Extinction ? Ou "effondrement(s)" ?
Le terme "extinction" est-il un concept utilisé dans la littérature scientifique ? Non, pour Romain Weikmans, chercheur à l'Institut finlandais des affaires internationales, enseignement à l'ULB et spécialiste des politiques climatiques : "Dans la littérature scientifique, il n'est pas tellement question d'extinction de l'espèce humaine, en tout cas pas à court terme, pas pour les générations à venir. Ce dont il est question, dans une partie de la littérature scientifique, c'est d'effondrement. Au pluriel. Un certain nombre de travaux vont plutôt s'attarder sur des effondrements de la production industrielle, d'autres, sur des effondrements de la population humaine, par exemple."
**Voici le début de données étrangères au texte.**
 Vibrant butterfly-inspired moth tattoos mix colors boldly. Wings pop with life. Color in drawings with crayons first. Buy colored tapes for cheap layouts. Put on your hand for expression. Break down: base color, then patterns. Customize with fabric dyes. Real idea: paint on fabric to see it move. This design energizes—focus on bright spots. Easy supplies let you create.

Le rapport le plus ancien et le plus dramatique sur ces effondrements s’intitule "The limits to Growth" ou rapport "Meadows", du nom de ses principaux auteurs, remonte à 1972 : des chercheurs du MIT (Massachusetts Institute of Technology) avertissaient que dans un scénario de croissance économique constante (scénario BAU2, pour business as usual), si nous ne prenions pas en compte les coûts environnementaux et sociaux, nous assisterions passivement à l’effondrement de notre civilisation industrielle dans le courant de ce siècle. En 2040, ce serait l’apogée de la croissance, qui ensuite ralentirait, et provoquerait la diminution nette de la population, des ressources alimentaires et naturelles. Ce ne serait pas la fin de l’humanité, mais un tournant.
Un autre scénario tenait compte du fait que les progrès technologiques aideraient à limiter la pollution et à préserver l’alimentation (scénario CT, pour "technologie globale"). Ce modèle, moins dramatique, ne conduisait pas à un réel effondrement de notre civilisation, mais à un arrêt de la croissance mondiale d’ici une dizaine d’années.
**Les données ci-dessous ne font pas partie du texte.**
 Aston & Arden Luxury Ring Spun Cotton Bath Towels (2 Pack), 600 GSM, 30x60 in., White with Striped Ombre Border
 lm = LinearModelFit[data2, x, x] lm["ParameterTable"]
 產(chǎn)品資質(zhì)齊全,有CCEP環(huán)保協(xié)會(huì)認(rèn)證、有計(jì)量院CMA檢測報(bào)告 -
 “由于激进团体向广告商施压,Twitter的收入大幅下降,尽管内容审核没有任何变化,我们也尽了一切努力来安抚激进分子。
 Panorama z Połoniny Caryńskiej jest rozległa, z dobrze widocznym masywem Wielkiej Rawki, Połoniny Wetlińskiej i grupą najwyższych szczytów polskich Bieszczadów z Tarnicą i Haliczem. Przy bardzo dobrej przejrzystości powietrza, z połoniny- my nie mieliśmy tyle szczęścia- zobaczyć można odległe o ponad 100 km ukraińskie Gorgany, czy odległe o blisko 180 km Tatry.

Les réflexions sur la croissance économique, apparues dans ce rapport, ont fait naître le concept de développement durable. L’ouvrage a fait l’objet de deux mises à jour, l’une en 1992 (Beyond the Limits) et l’autre en 2004 (Limits to Growth. The 30-Year Update). Cette étude avait fait polémique, et a été critiquée, voire tournée en ridicule par des experts qui ont tordu ses conclusions et méthodes. Le principal reproche était qu'il basait le risque sur une échelle globale, là où les risques sont inégalement répartis.
Et où on en est ?
Une chercheuse néerlandaise en développement durable, Gaya Herrington, également directrice dans le grand cabinet d’audit KPMG, aux Etats-Unis, a voulu voir où l’on se situait aujourd’hui, par rapport aux scénarios du rapport Meadows. Elle a effectué cette recherche à titre indépendant, dans le prolongement de sa thèse de maîtrise à l’Université d’Harvard. En novembre 2020, elle a analysé les données actuelles, les a comparées aux scénarios, et conclu que ça collait avec le rapport si controversé.
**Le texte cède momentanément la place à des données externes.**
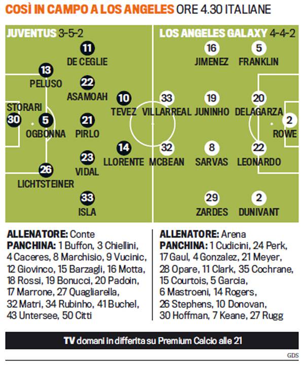 Juventus News Los Angeles Galaxy Amichevole Probabili Formazioni- Questa notte la Juventus giocherà a Los Angeles contro i Galaxy, l’ex squadra di Beckham. Antonio Conte schiererà la sua squadra con il consueto 3-5-2 con Storari in porta, Peluso, l’ex torinista Ogbonna e Lichtsteiner in difesa, a centrocampo sugli esterni ci saranno Isla a destra e De Ceglie sulla sinistra. Al centro agiranno Vidal, Pirlo e Asamoah. In attacco vengono invece confermati lo spagnolo Llorente e l’argentino Tevez. I due non hanno impressionato nell’amichevole persa contro gli inglesi dell’Everton, ma Conte vuole riuscire ad averli in buone condizioni per la finale di Supercoppa che si giocherà il 18 a Roma con la Lazio.

Ces données s’accordent d’après elle avec deux des modèles envisagés en 1972 par les chercheurs du MIT (le scénario à croissance inchangée, BAU2 et celui incluant la technologie comme facteur atténuateur, baptisé CT).
L’espoir d’une stabilisation
Un 3e scénario, plus optimiste, était envisagé par les chercheurs du MIT : celui d’un monde stabilisé (Stabilized World, SW). Dans ce scénario, les priorités changent et nous limitons volontairement notre croissance économique vers 2020, pour créer une société durable.